2. The method for speech command detection according to claim 1,
wherein the speech corresponding to the at least one command word
candidates is located before speech segments corresponding to the
at least two successive non-command words or after speech segments
corresponding to the at least two successive non-command words.
3. The method for speech command detection according to claim 1,
wherein the speech segments corresponding to the at least two
successive non-command words are provided both before and after the
speech corresponding to the at least one command word candidates
respectively.
4. The method for speech command detection according to claim 1,
wherein the speech segments corresponding to the at least two
successive non-command words may be any voices except those
corresponding to the at least one command word candidates.
5. The method for speech command detection according to claim 1,
wherein the rhythm features comprise at least one of: an average
length of time durations of speech segments corresponding to the at
least two successive non-command words; a variance of time
durations of speech segments corresponding to the at least two
successive non-command words; a normalized maximum value of the
autocorrelation of energy variations of speech segments
corresponding to the at least two successive non-command words; a
base frequency of speech segments corresponding to the at least two
successive non-command words; and energies of speech segments
corresponding to the at least two successive non-command words.
6. A device for speech command detection comprising: a feature
extraction unit, for extracting speech features from a speech
signal inputted into an information processing system; a speech
recognition unit, for converting the speech features into a word
sequence, wherein the word sequence comprises at least two
successive non-command words and at least one command word
candidates, and obtaining time durations of speech segments
corresponding to the respective non-command words and an acoustic
score of each of the command word candidates; a rhythm analysis
unit, for calculating rhythm features of the speech signal based on
the time durations; and a classification unit, for recognizing a
speech corresponding to the at least one command word candidates as
a speech command directed to the information processing system or a
speech not directed to the information processing system based on
the acoustic score and the rhythm features, wherein the rhythm
features describe a similarity of time durations of speech segments
corresponding to the respective non-command words, and/or a
similarity of energy variations of the speech segments
corresponding to the respective non-command words.
7. The device for speech command detection according to claim 6,
wherein the speech corresponding to the at least one command word
candidates is located before speech segments corresponding to the
at least two successive non-command words, or after speech segments
corresponding to the at least two successive non-command words.

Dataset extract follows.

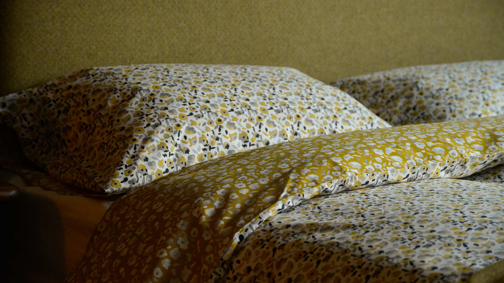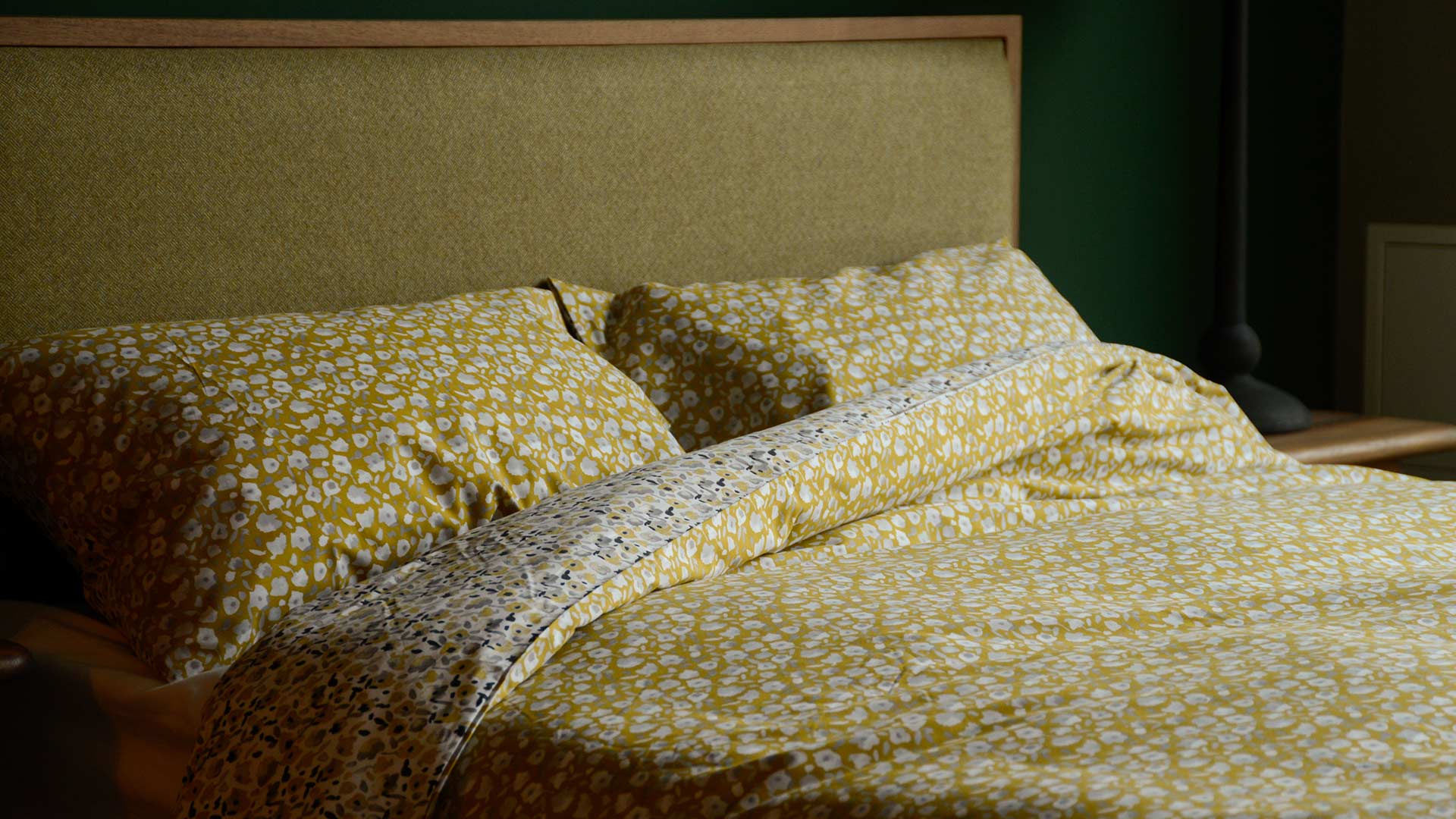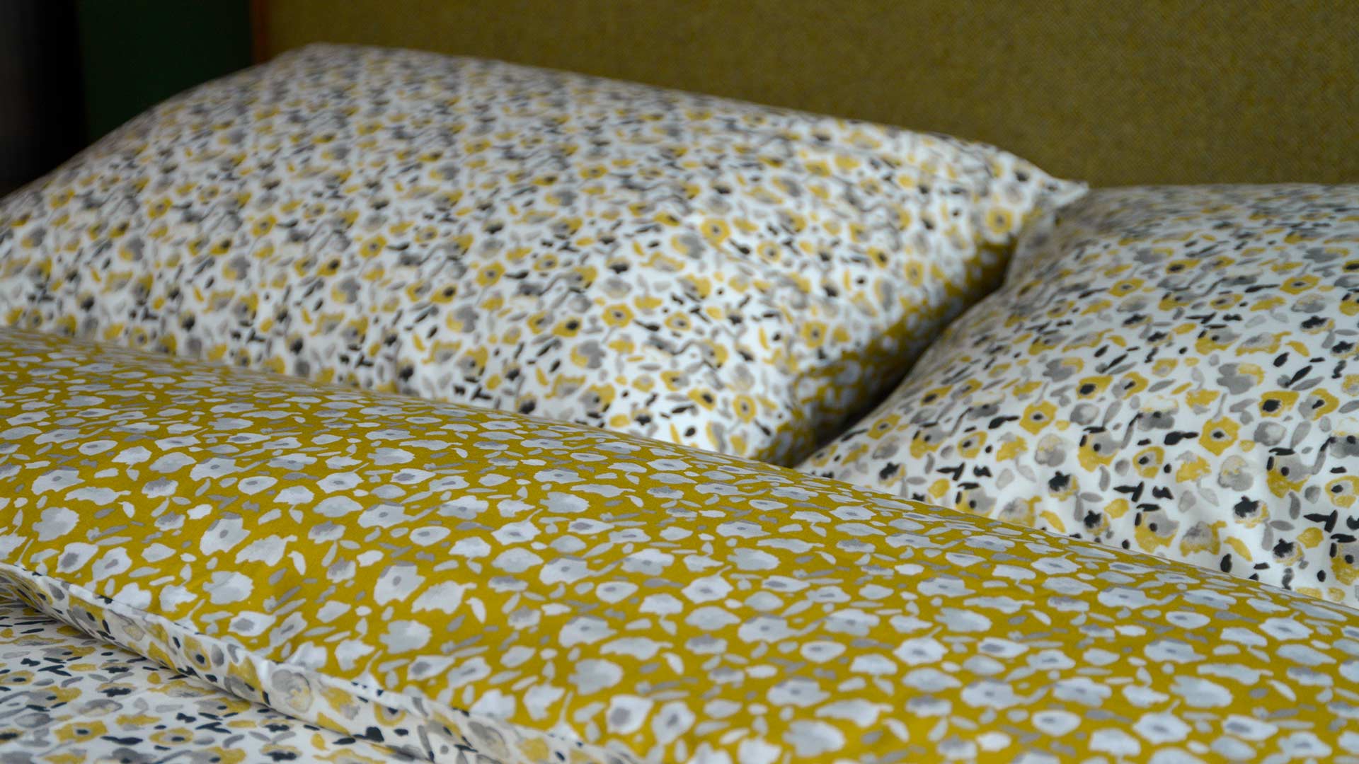 A reversible duvet set with a modern floral pattern. One side has an ivory background with black. grey and mustard yellow flowers. The reverse has a mustard (deep yellow with a subtle greenish tone) background with pale grey and ivory flowers.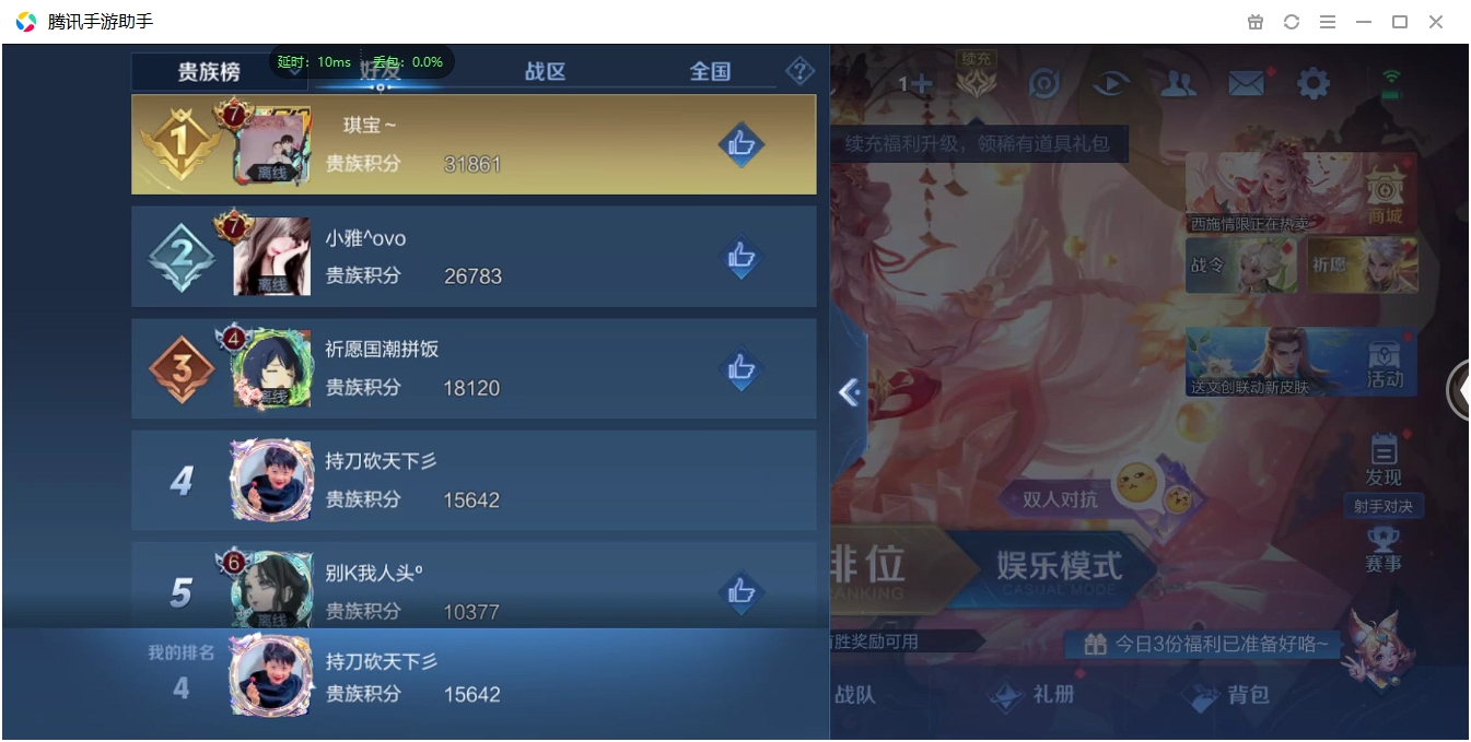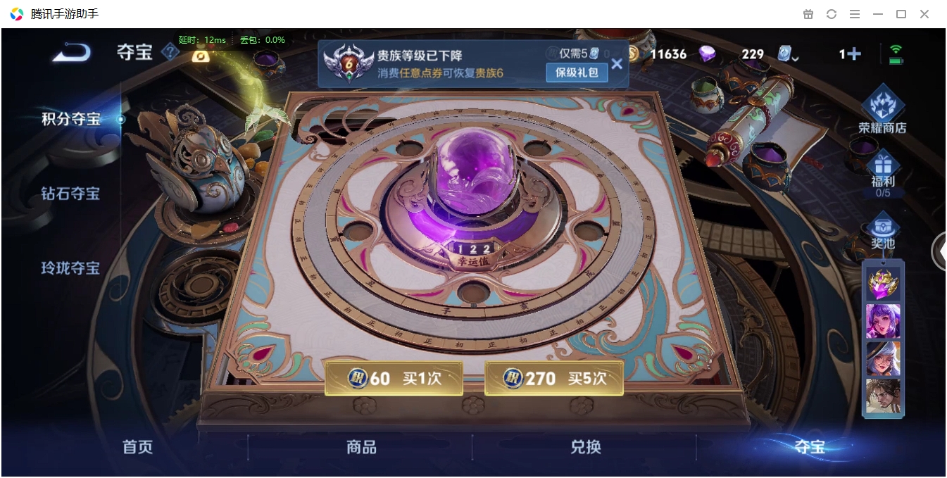 【QQ(安卓)】贵族0-贵族积分0万-0英雄-0皮肤 【抢先服】2万金币+回归150级铭文+改名卡

8. The device for speech command detection according to claim 6,
wherein the speech segments corresponding to the at least two
successive non-command words are provided both before and after the
speech corresponding to the at least one command word candidates
respectively.
9. The device for speech command detection according to claim 6,
wherein the speech segments corresponding to the at least two
successive non-command words may be any voices except those
corresponding to the at least one command word candidates.
10. The device for speech command detection according to claim 6,
wherein the rhythm features comprise at least one of: an average
length of time durations of speech segments corresponding to the at
least two successive non-command words; a variance of time
durations of speech segments corresponding to the at least two
successive non-command words; a normalized maximum value of the
autocorrelation of energy variations of speech segments
corresponding to the at least two successive non-command words; a
base frequency of speech segments corresponding to the at least two
successive non-command words; and energies of speech segments
corresponding to the at least two successive non-command words.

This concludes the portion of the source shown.